### How to complete this task
Skipping all images, output the listing word for word.

### Data block
<<<<
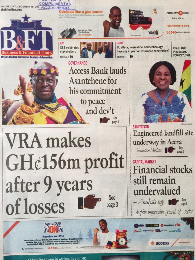 - VRA makes GH¢156m profit after nine years of losses
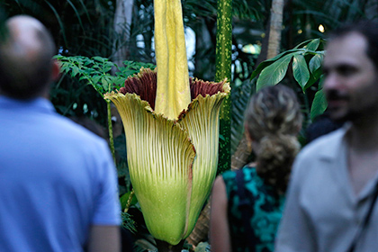 Растение также называют «трупным цветком» за специфический аромат — его сравнивают с запахом разлагающегося тела, протухшей рыбы или яиц. Аморфофаллус титанический находится в парке с августа 2008 года. Его цветение началось днем 26 июля и продлится всего несколько дней.
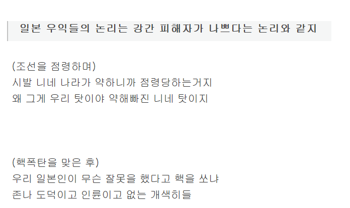 뭐지... 지들 원폭 맞은게 패자라서 맞은거라고? 개양아치짓하다가 이놈 하고 맞은거겠지!
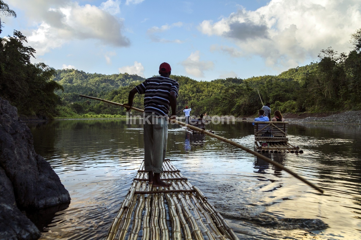 jamaica, jungle, river, raft, man, person, nature, paddle, trip, holiday, summer, transport, tourist, discovery
>>>>
### Answer to this problem
 - VRA makes GH¢156m profit after nine years of losses
 Растение также называют «трупным цветком» за специфический аромат — его сравнивают с запахом разлагающегося тела, протухшей рыбы или яиц. Аморфофаллус титанический находится в парке с августа 2008 года. Его цветение началось днем 26 июля и продлится всего несколько дней.
 뭐지... 지들 원폭 맞은게 패자라서 맞은거라고? 개양아치짓하다가 이놈 하고 맞은거겠지!
 jamaica, jungle, river, raft, man, person, nature, paddle, trip, holiday, summer, transport, tourist, discovery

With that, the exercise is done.